The alternative approach, the inhibition of glycogenolysis to reduce HGP, has not yet been tested. We hypothesized that glycogenolysis inhibition could improve glycemic control, based on patients with hepatic glycogen storage diseases, where episodic hypoglycemia is observed (11). Glucose production from the catalysis of glycogen to glucose-1-phosphate is rate-limited by phosphorylase a, a well-studied enzyme that is regulated by multiple covalent, substrate, and allosteric effectors (12). To date, two types of glycogen phosphorylase inhibitors have been reported: glucose analogs bearing multiple polar functionalities, which bind near the active site of the enzyme (1318), and caffeine and other heteroaromatic analogs, which bind at the purine inhibitory site, also known as the I-site (1922). Although some glucose and purine nucleoside phosphorylase inhibitors reportedly inhibit glycogenolysis in rodent cells and tissues (2224), none of these are known to be orally active in vivo, possibly because of inadequate potency or poor pharmacokinetics, limiting their utility in determining the effect of glycogenolysis inhibition on HGP. Moreover, specific inhibitors of the human liver phosphorylase enzyme have not been described.

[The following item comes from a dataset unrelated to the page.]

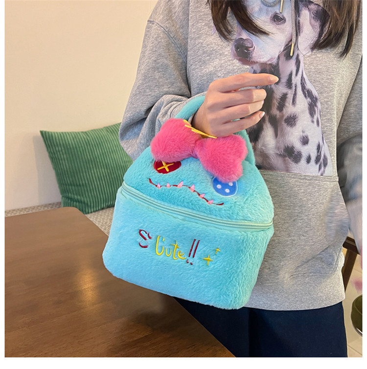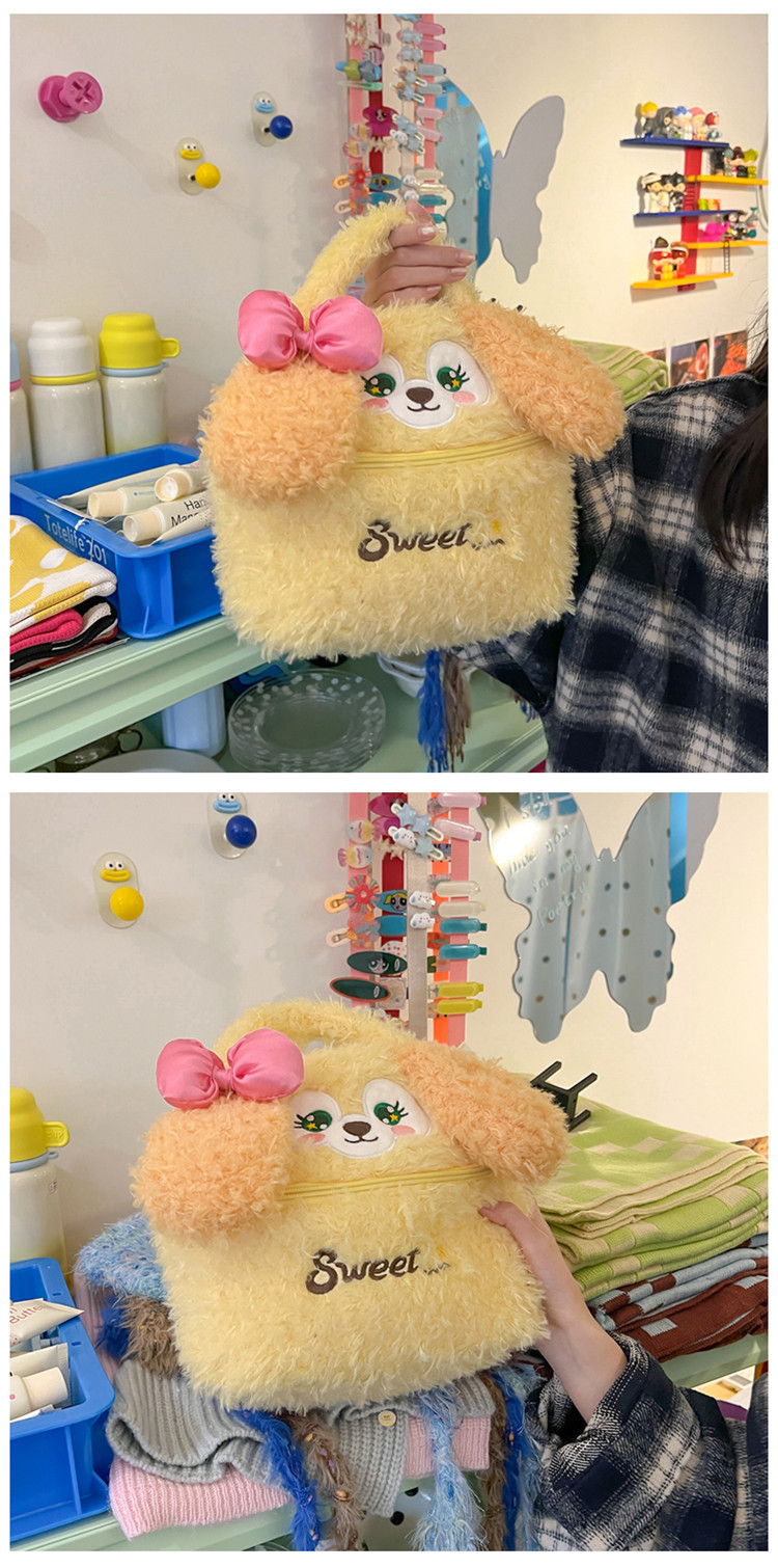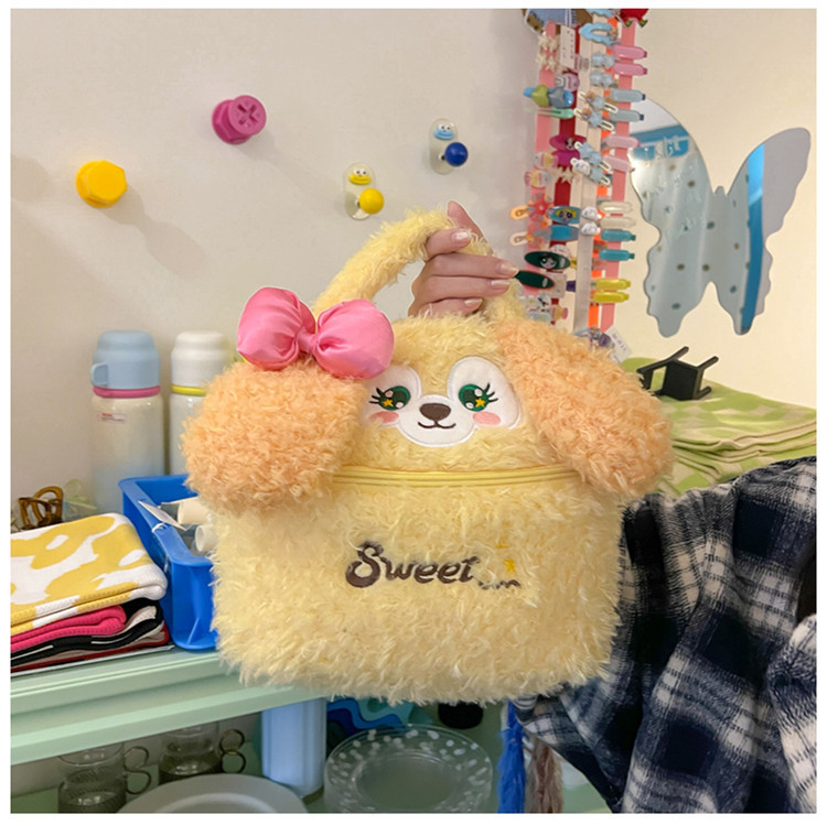 少女心可爱卡通毛绒厨师狗手拎包多功能大容量收纳包手提化妆包

We chose to search for new compounds that inhibited the human liver glycogen phosphorylase a (HLGPa) enzyme to evaluate the basis of glycogenolysis inhibition for the treatment of type 2 diabetes. We hypothesized that inhibitors which bind at the I-site would be of most interest, because these compounds are reported to be more potent in the presence of high glucose concentrations (1922). Inhibitory activity could then, in principle, be regulated by blood glucose levels and would decrease as normoglycemia is achieved. This characteristic should diminish the risk of hypoglycemia, a potential side effect of many antidiabetic agents. To find new inhibitors, we screened >300,000 compounds from our sample bank against recombinant HLGPa, and report here the discovery of an orally active inhibitor of HLGPa that lowers plasma glucose concentration in an animal model of type 2 diabetes.

MATERIALS AND METHODS

Expression and Purification of Recombinant HLGPa.

HLGP cDNA (25) was subcloned into plasmid pBlueBacIII (Invitrogen) and combined with BaculoGold Linear DNA (PharMingen) for baculovirus expression. HLGP was expressed in Sf9 cells as a mixture of phosphorylated (HLGPa) and unphosphorylated (HLGPb) forms and was purified by Cu2+ affinity chromatography (26); it was then reacted with phosphorylase kinase to convert all of the enzyme to the HLGPa form and subjected to a final step of anion exchange chromatography (D.E.D., unpublished data). The protein was >95% pure by SDS/PAGE and fully phosphorylated to HLGPa as judged by isoelectric focusing. The N terminus was correct as determined by protein sequencing on an Applied Biosystems model 470A sequencer.

Synthesis of CP-91149 ([R-(R*,S*)]-5-chloro-N-[3-(dimethylamino)-2-hydroxy-3-oxo-1-(phenylmethyl)propyl]-1H-indole-2-carboxamide).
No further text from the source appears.